▸ **WHAT YOU SHOULD DO**
Each entry below should be written out exactly as it is, with no pictures.

▸ **AVAILABLE DATA**
=== Section Start ===

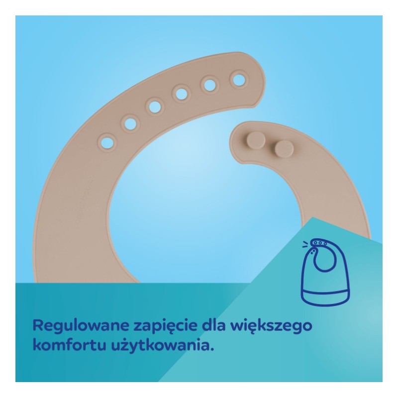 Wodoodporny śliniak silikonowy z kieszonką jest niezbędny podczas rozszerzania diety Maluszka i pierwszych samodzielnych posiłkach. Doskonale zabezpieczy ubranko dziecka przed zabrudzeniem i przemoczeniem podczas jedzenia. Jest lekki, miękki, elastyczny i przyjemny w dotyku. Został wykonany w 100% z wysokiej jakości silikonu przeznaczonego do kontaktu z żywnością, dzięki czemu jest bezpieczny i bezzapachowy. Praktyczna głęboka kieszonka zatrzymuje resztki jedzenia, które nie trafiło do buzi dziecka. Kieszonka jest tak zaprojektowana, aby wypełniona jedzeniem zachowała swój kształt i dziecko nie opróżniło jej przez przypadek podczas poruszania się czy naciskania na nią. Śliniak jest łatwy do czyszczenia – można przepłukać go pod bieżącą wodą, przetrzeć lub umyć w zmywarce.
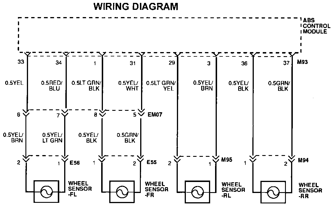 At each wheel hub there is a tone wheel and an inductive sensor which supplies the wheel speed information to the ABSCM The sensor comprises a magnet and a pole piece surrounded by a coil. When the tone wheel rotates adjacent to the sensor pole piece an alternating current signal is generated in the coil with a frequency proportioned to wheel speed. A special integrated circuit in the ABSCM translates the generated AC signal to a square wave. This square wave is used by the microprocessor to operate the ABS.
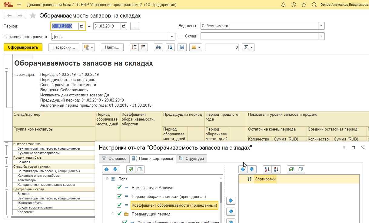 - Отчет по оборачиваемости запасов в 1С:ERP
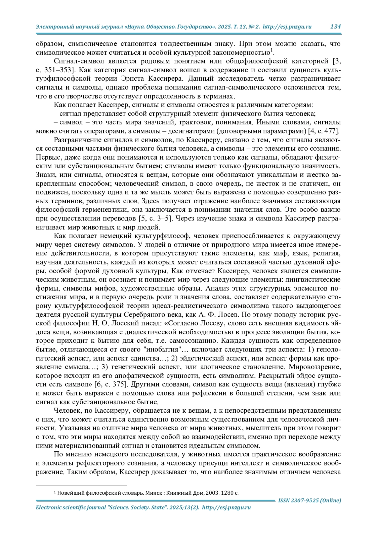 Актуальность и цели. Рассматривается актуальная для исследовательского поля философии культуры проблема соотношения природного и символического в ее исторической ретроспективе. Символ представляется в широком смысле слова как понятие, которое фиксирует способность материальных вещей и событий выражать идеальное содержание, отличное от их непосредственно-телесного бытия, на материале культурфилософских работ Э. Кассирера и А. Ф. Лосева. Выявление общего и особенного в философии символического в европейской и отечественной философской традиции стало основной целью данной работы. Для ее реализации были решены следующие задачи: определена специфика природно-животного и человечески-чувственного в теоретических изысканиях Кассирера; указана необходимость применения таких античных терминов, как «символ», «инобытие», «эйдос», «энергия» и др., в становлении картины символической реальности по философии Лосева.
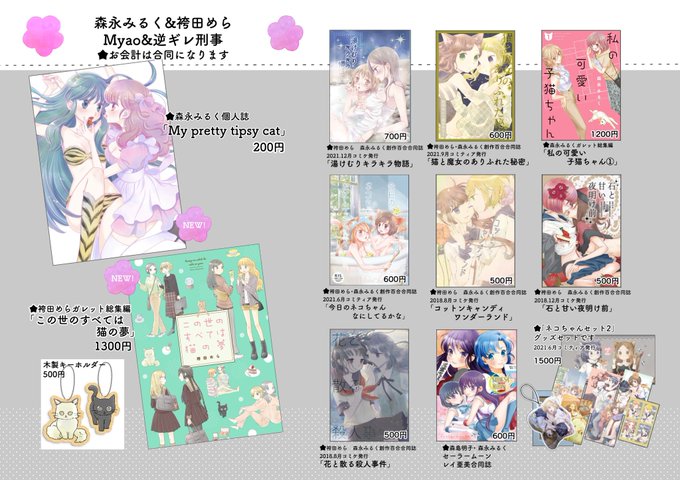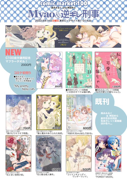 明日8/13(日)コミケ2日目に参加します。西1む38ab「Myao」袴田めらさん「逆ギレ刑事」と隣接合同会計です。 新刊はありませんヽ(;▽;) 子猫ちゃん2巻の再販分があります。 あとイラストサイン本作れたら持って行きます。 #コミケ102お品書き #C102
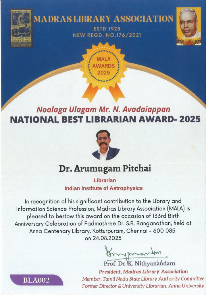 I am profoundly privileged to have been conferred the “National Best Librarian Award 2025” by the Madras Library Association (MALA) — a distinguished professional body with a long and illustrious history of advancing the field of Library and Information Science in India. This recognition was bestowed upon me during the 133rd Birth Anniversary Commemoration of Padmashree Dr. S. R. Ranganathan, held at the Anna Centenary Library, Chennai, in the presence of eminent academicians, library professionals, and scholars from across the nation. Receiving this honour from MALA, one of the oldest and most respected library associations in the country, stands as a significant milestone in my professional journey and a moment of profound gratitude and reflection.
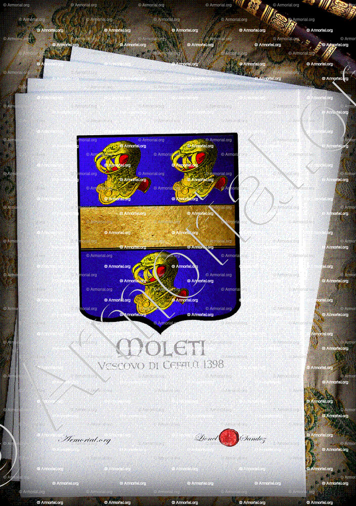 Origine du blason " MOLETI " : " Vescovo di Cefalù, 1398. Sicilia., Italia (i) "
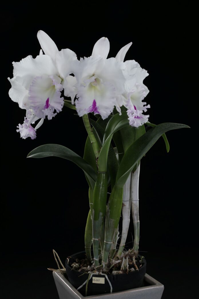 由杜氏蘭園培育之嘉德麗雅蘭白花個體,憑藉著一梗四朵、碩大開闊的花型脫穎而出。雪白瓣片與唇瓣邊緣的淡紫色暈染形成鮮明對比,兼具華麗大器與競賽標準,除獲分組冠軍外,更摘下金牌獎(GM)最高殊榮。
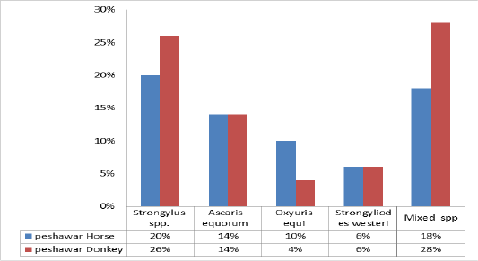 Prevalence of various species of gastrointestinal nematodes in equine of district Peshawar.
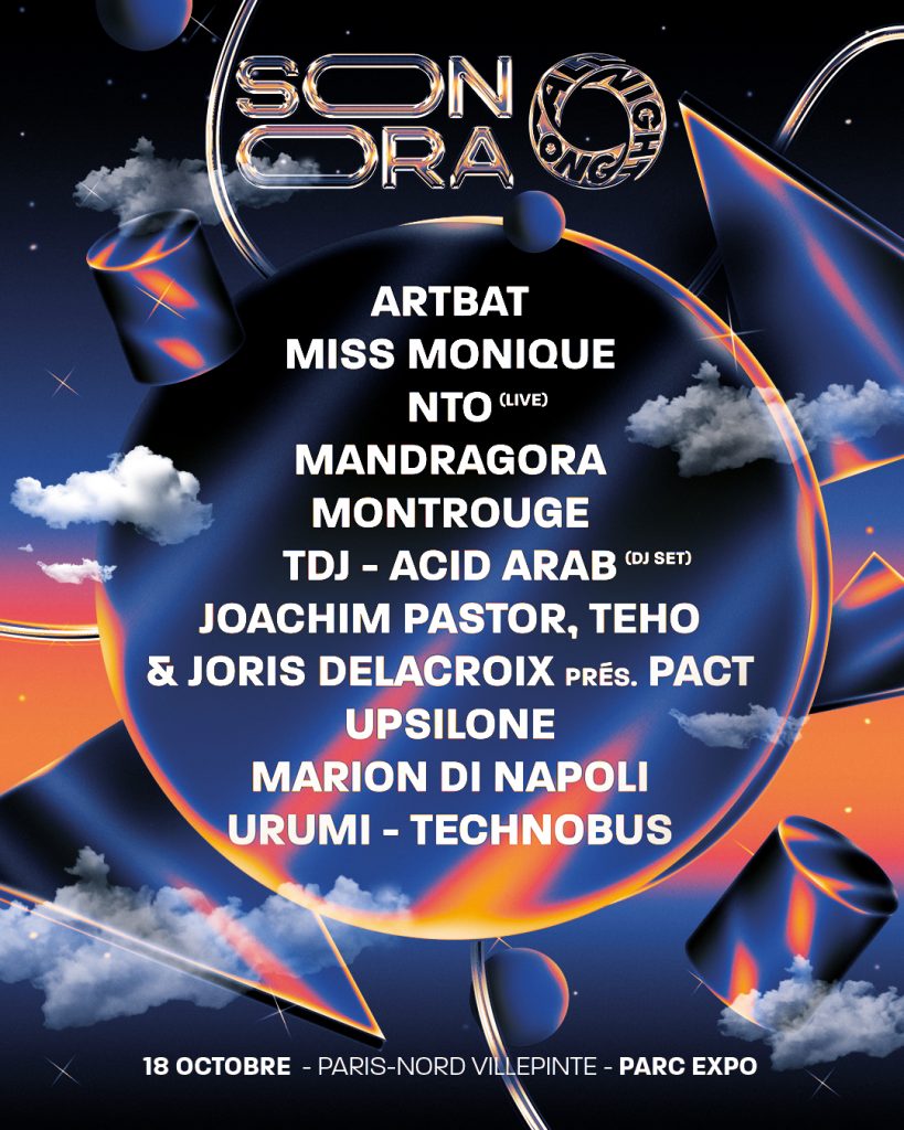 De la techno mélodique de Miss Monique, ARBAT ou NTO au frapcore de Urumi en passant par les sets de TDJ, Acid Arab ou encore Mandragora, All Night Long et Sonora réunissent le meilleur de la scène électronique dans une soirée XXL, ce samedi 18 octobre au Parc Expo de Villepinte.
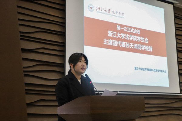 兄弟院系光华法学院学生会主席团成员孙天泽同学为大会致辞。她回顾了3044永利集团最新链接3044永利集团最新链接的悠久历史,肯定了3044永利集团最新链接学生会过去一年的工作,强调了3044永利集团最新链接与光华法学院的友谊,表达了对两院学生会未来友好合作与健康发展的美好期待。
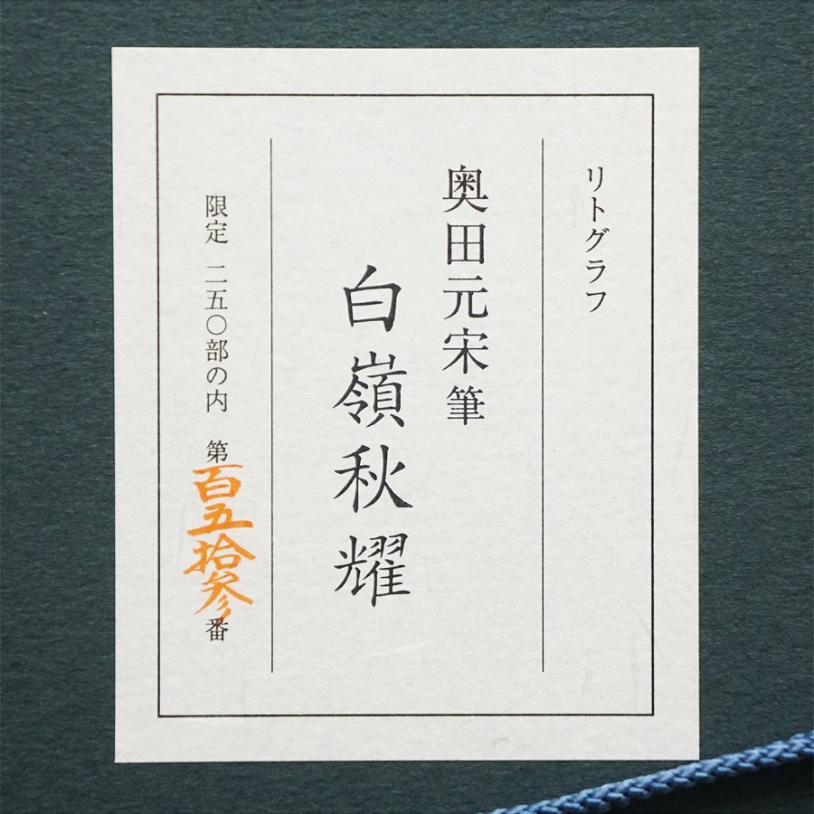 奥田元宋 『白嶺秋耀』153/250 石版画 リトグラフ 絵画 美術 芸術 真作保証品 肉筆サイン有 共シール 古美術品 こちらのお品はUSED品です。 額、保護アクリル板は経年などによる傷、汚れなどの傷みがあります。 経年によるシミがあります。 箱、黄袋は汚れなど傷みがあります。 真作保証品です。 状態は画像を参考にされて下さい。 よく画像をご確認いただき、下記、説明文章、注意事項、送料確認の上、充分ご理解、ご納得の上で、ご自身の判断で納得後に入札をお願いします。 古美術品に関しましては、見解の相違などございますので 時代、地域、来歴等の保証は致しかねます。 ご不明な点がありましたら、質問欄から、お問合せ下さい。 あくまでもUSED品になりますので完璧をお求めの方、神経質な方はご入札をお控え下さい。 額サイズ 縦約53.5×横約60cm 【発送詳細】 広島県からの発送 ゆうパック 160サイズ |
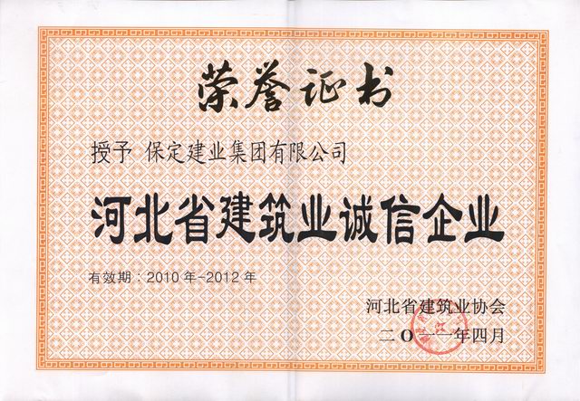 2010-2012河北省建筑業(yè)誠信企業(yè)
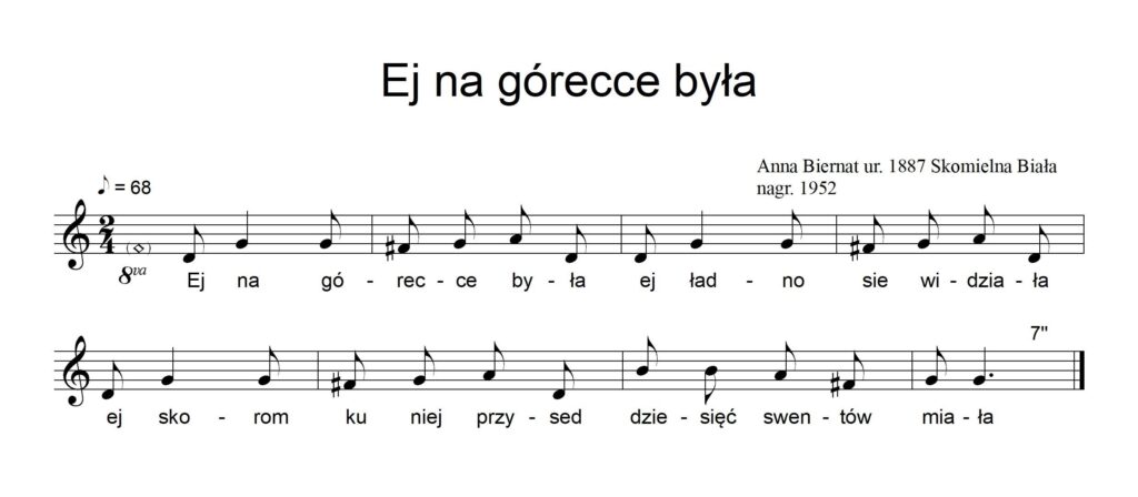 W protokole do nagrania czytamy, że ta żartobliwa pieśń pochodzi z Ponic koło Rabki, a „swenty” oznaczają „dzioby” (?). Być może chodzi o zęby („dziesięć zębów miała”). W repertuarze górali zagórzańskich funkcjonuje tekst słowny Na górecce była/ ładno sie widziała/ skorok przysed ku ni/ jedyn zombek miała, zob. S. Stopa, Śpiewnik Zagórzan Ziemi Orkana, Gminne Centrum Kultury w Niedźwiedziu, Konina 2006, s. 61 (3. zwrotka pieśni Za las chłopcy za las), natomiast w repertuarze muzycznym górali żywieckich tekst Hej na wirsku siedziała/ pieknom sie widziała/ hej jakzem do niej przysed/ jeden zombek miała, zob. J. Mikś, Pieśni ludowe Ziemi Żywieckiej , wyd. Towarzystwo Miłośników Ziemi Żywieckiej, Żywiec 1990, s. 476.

=== Section End ===

▸ **ANSWER SECTION**
 Wodoodporny śliniak silikonowy z kieszonką jest niezbędny podczas rozszerzania diety Maluszka i pierwszych samodzielnych posiłkach. Doskonale zabezpieczy ubranko dziecka przed zabrudzeniem i przemoczeniem podczas jedzenia. Jest lekki, miękki, elastyczny i przyjemny w dotyku. Został wykonany w 100% z wysokiej jakości silikonu przeznaczonego do kontaktu z żywnością, dzięki czemu jest bezpieczny i bezzapachowy. Praktyczna głęboka kieszonka zatrzymuje resztki jedzenia, które nie trafiło do buzi dziecka. Kieszonka jest tak zaprojektowana, aby wypełniona jedzeniem zachowała swój kształt i dziecko nie opróżniło jej przez przypadek podczas poruszania się czy naciskania na nią. Śliniak jest łatwy do czyszczenia – można przepłukać go pod bieżącą wodą, przetrzeć lub umyć w zmywarce.
 At each wheel hub there is a tone wheel and an inductive sensor which supplies the wheel speed information to the ABSCM The sensor comprises a magnet and a pole piece surrounded by a coil. When the tone wheel rotates adjacent to the sensor pole piece an alternating current signal is generated in the coil with a frequency proportioned to wheel speed. A special integrated circuit in the ABSCM translates the generated AC signal to a square wave. This square wave is used by the microprocessor to operate the ABS.
 - Отчет по оборачиваемости запасов в 1С:ERP
 Актуальность и цели. Рассматривается актуальная для исследовательского поля философии культуры проблема соотношения природного и символического в ее исторической ретроспективе. Символ представляется в широком смысле слова как понятие, которое фиксирует способность материальных вещей и событий выражать идеальное содержание, отличное от их непосредственно-телесного бытия, на материале культурфилософских работ Э. Кассирера и А. Ф. Лосева. Выявление общего и особенного в философии символического в европейской и отечественной философской традиции стало основной целью данной работы. Для ее реализации были решены следующие задачи: определена специфика природно-животного и человечески-чувственного в теоретических изысканиях Кассирера; указана необходимость применения таких античных терминов, как «символ», «инобытие», «эйдос», «энергия» и др., в становлении картины символической реальности по философии Лосева.
 明日8/13(日)コミケ2日目に参加します。西1む38ab「Myao」袴田めらさん「逆ギレ刑事」と隣接合同会計です。 新刊はありませんヽ(;▽;) 子猫ちゃん2巻の再販分があります。 あとイラストサイン本作れたら持って行きます。 #コミケ102お品書き #C102
 I am profoundly privileged to have been conferred the “National Best Librarian Award 2025” by the Madras Library Association (MALA) — a distinguished professional body with a long and illustrious history of advancing the field of Library and Information Science in India. This recognition was bestowed upon me during the 133rd Birth Anniversary Commemoration of Padmashree Dr. S. R. Ranganathan, held at the Anna Centenary Library, Chennai, in the presence of eminent academicians, library professionals, and scholars from across the nation. Receiving this honour from MALA, one of the oldest and most respected library associations in the country, stands as a significant milestone in my professional journey and a moment of profound gratitude and reflection.
 Origine du blason " MOLETI " : " Vescovo di Cefalù, 1398. Sicilia., Italia (i) "
 由杜氏蘭園培育之嘉德麗雅蘭白花個體,憑藉著一梗四朵、碩大開闊的花型脫穎而出。雪白瓣片與唇瓣邊緣的淡紫色暈染形成鮮明對比,兼具華麗大器與競賽標準,除獲分組冠軍外,更摘下金牌獎(GM)最高殊榮。
 Prevalence of various species of gastrointestinal nematodes in equine of district Peshawar.
 De la techno mélodique de Miss Monique, ARBAT ou NTO au frapcore de Urumi en passant par les sets de TDJ, Acid Arab ou encore Mandragora, All Night Long et Sonora réunissent le meilleur de la scène électronique dans une soirée XXL, ce samedi 18 octobre au Parc Expo de Villepinte.
 兄弟院系光华法学院学生会主席团成员孙天泽同学为大会致辞。她回顾了3044永利集团最新链接3044永利集团最新链接的悠久历史,肯定了3044永利集团最新链接学生会过去一年的工作,强调了3044永利集团最新链接与光华法学院的友谊,表达了对两院学生会未来友好合作与健康发展的美好期待。
 奥田元宋 『白嶺秋耀』153/250 石版画 リトグラフ 絵画 美術 芸術 真作保証品 肉筆サイン有 共シール 古美術品 こちらのお品はUSED品です。 額、保護アクリル板は経年などによる傷、汚れなどの傷みがあります。 経年によるシミがあります。 箱、黄袋は汚れなど傷みがあります。 真作保証品です。 状態は画像を参考にされて下さい。 よく画像をご確認いただき、下記、説明文章、注意事項、送料確認の上、充分ご理解、ご納得の上で、ご自身の判断で納得後に入札をお願いします。 古美術品に関しましては、見解の相違などございますので 時代、地域、来歴等の保証は致しかねます。 ご不明な点がありましたら、質問欄から、お問合せ下さい。 あくまでもUSED品になりますので完璧をお求めの方、神経質な方はご入札をお控え下さい。 額サイズ 縦約53.5×横約60cm 【発送詳細】 広島県からの発送 ゆうパック 160サイズ |
 2010-2012河北省建筑業(yè)誠信企業(yè)
 W protokole do nagrania czytamy, że ta żartobliwa pieśń pochodzi z Ponic koło Rabki, a „swenty” oznaczają „dzioby” (?). Być może chodzi o zęby („dziesięć zębów miała”). W repertuarze górali zagórzańskich funkcjonuje tekst słowny Na górecce była/ ładno sie widziała/ skorok przysed ku ni/ jedyn zombek miała, zob. S. Stopa, Śpiewnik Zagórzan Ziemi Orkana, Gminne Centrum Kultury w Niedźwiedziu, Konina 2006, s. 61 (3. zwrotka pieśni Za las chłopcy za las), natomiast w repertuarze muzycznym górali żywieckich tekst Hej na wirsku siedziała/ pieknom sie widziała/ hej jakzem do niej przysed/ jeden zombek miała, zob. J. Mikś, Pieśni ludowe Ziemi Żywieckiej , wyd. Towarzystwo Miłośników Ziemi Żywieckiej, Żywiec 1990, s. 476.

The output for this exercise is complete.